Exercise → Leave out the pictures, and copy exactly the lines from the line with "Balení obsahuje předtištěný" through the last line of the data below.

Entries taken from a collection →
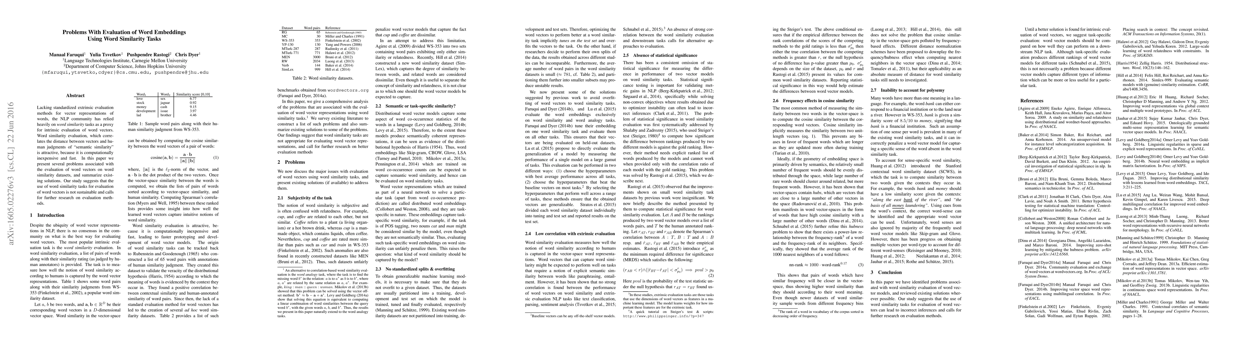 This paper identifies significant issues with using word similarity tasks for evaluating word embeddings and argues that these tasks are not a reliable measure for intrinsic evaluation, urging the NLP community to develop more robust evaluation methods.
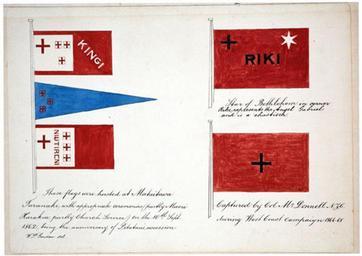 | Keywords: Flag of Maori King 1862.jpg en The three left flags have been used by Potatau Te Wherowhero as the first Maori King 1859 The flags have been used from 1857 on while the Maori king movement Gordon drew the flags 1862 when he was visiting Mataitawa Taranaki on the anniversary of Potatau's accession http //www mch govt nz/nzflag/history/images/king-flag jpg W F Gordon 1846 “1936 1862 Flags of New Zealand Maori culture Flags in art PD-old | ||||
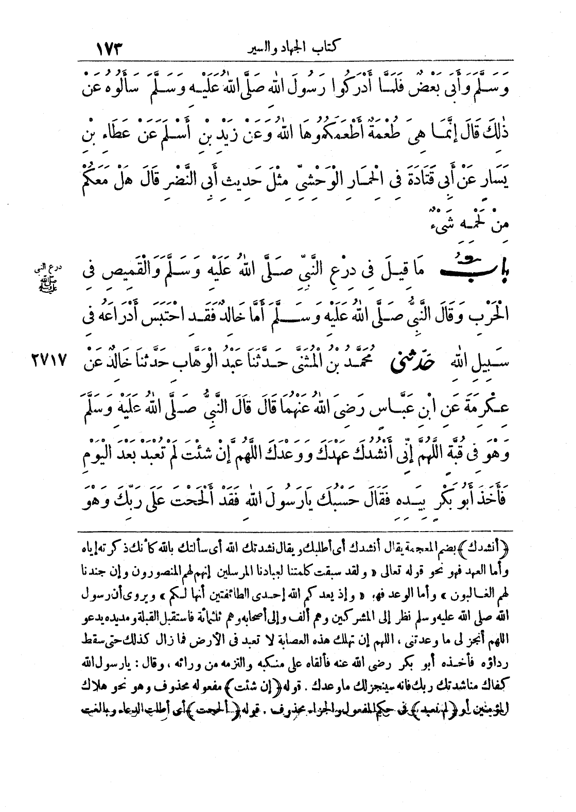 2717 - حَدَّثَنِي مُحَمَّدُ بْنُ الْمُثَنَّى حَدَّثَنَا عَبْدُ الْوَهَّابِ حَدَّثَنَا خَالِدٌ عَنْ عِكْرِمَةَ عَنْ ابْنِ عَبَّاسٍ رَضِيَ اللَّهُ عَنْهُمَا قَالَ قَالَ النَّبِيُّ صَلَّى اللَّهُ عَلَيْهِ وَسَلَّمَ وَهُوَ فِي قُبَّةٍ اللَّهُمَّ إِنِّي أَنْشُدُكَ عَهْدَكَ وَوَعْدَكَ اللَّهُمَّ إِنْ شِئْتَ لَمْ تُعْبَدْ بَعْدَ الْيَوْمِ فَأَخَذَ أَبُو بَكْرٍ بِيَدِهِ فَقَالَ حَسْبُكَ يَا رَسُولَ اللَّهِ فَقَدْ أَلْحَحْتَ عَلَى رَبِّكَ وَهُوَ
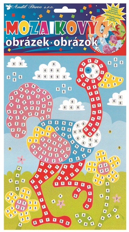 Balení obsahuje předtištěný obrázek 23x16cm, pěnové samolepky různých barev, třpytivé kamínky a stojánek na obrázek.
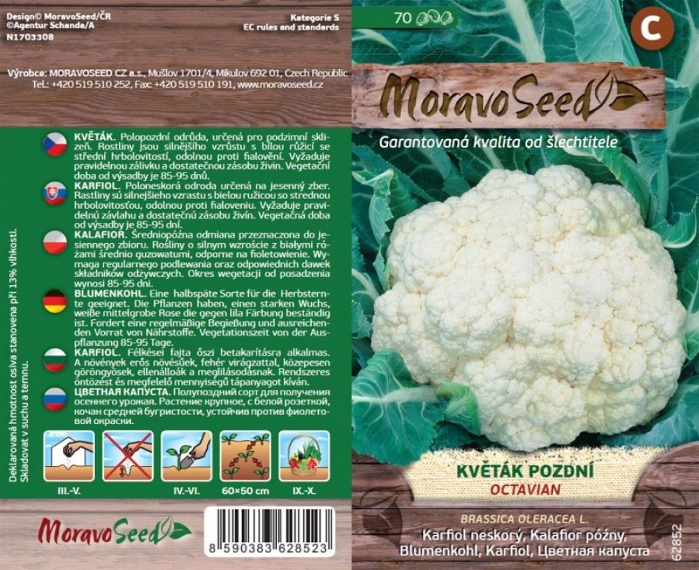 Polopozdní odrůda, určená pro podzimní sklizeň. Rostliny jsou silnějšího vzrůstu s bílou růžicí se střední hrbolovitostí, odolnou proti fialovění. Vyžaduje pravidelnou zálivku a dostatečnou zásobu živin. Vegetační doba od výsadby je 85-95 dnů.

Written response →
 Balení obsahuje předtištěný obrázek 23x16cm, pěnové samolepky různých barev, třpytivé kamínky a stojánek na obrázek.
 Polopozdní odrůda, určená pro podzimní sklizeň. Rostliny jsou silnějšího vzrůstu s bílou růžicí se střední hrbolovitostí, odolnou proti fialovění. Vyžaduje pravidelnou zálivku a dostatečnou zásobu živin. Vegetační doba od výsadby je 85-95 dnů.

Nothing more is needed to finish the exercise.